- PROMPT:
Except for images, print the whole listing verbatim.

- SUPPLIED DATA:
'''
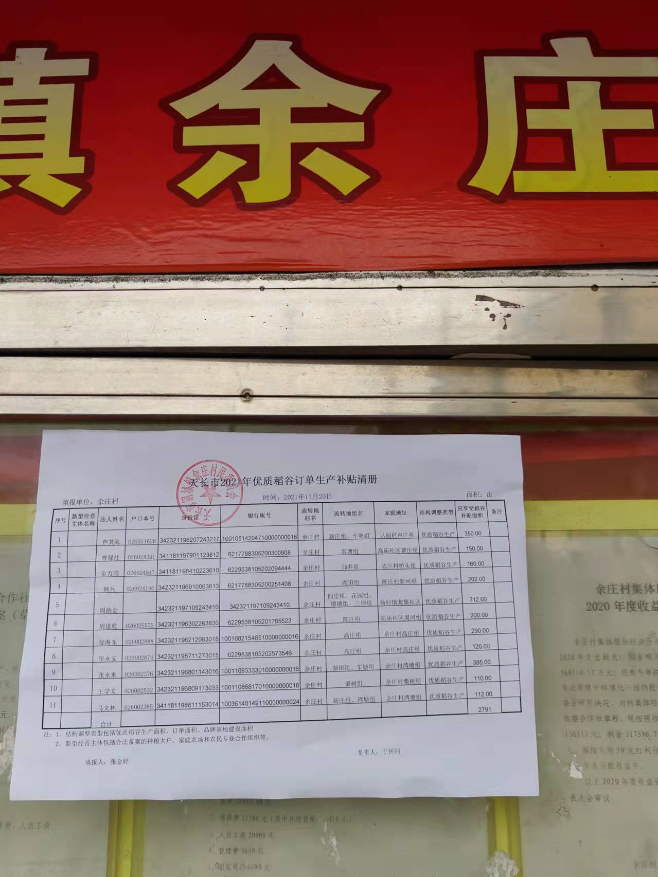 余莊村2021年優質稻谷訂單生產補貼共有11戶,具體情況如上圖所示。
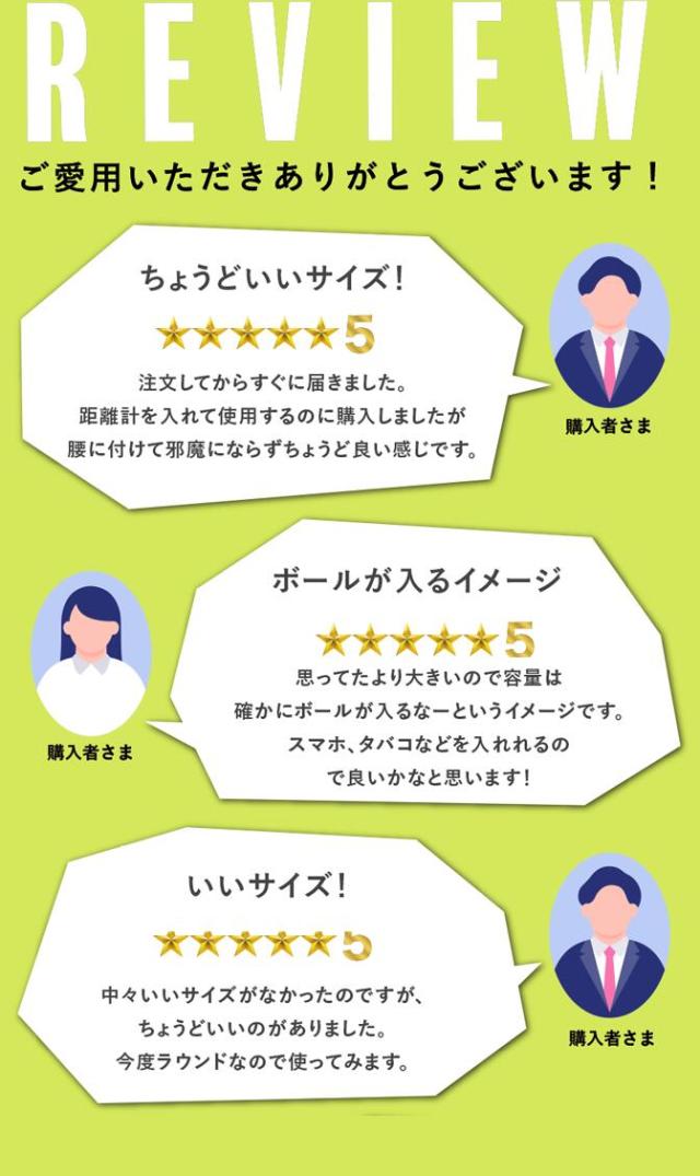 - 本日初めて使用しましたが、とても便利で助かりました。スマホやスコアカードが丁度ぴったり入る大きさです。なのでちょっと大きめですが、プレーにはぜんぜん支障ありませんでした。
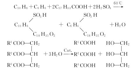 (1) Fractional distillation method Add 6t of cottonseed oil hardened oil to the hydrolysis pot , hydrolyzing agent stearicresolsulfonic acid and stearic naphthalenesulfonic acid 120kg. After steam is introduced until the oil layer is transparent, add 4200kg of water. Continue to heat to boiling, react under normal pressure for 7.5 hours, clarify for 0.5 hours, and separate the lower layer of glycerol water. After that, add 120kg of hydrolyzing agent, add steam and heat until the oil layer is transparent, add 3600kg of water, and react for about 10 hours. The end point of hydrolysis is when the mixed acid value reaches above 190mgKOH/g. After that, it was clarified for 0.5h, and after separating the glycerol water, 7g of salt and 3600kg of water were added for washing. Then use 14kg of salt and 4200kg of water for secondary water washing. After the first step of washing, it was clarified for 0.5h, and after the second step of washing, it was clarified for 2h. After the lower layer of acidic water is separated, take the upper layer of mixed fatty acids and set aside.
'''
- RESPONSE AREA:
 余莊村2021年優質稻谷訂單生產補貼共有11戶,具體情況如上圖所示。
 - 本日初めて使用しましたが、とても便利で助かりました。スマホやスコアカードが丁度ぴったり入る大きさです。なのでちょっと大きめですが、プレーにはぜんぜん支障ありませんでした。
 (1) Fractional distillation method Add 6t of cottonseed oil hardened oil to the hydrolysis pot , hydrolyzing agent stearicresolsulfonic acid and stearic naphthalenesulfonic acid 120kg. After steam is introduced until the oil layer is transparent, add 4200kg of water. Continue to heat to boiling, react under normal pressure for 7.5 hours, clarify for 0.5 hours, and separate the lower layer of glycerol water. After that, add 120kg of hydrolyzing agent, add steam and heat until the oil layer is transparent, add 3600kg of water, and react for about 10 hours. The end point of hydrolysis is when the mixed acid value reaches above 190mgKOH/g. After that, it was clarified for 0.5h, and after separating the glycerol water, 7g of salt and 3600kg of water were added for washing. Then use 14kg of salt and 4200kg of water for secondary water washing. After the first step of washing, it was clarified for 0.5h, and after the second step of washing, it was clarified for 2h. After the lower layer of acidic water is separated, take the upper layer of mixed fatty acids and set aside.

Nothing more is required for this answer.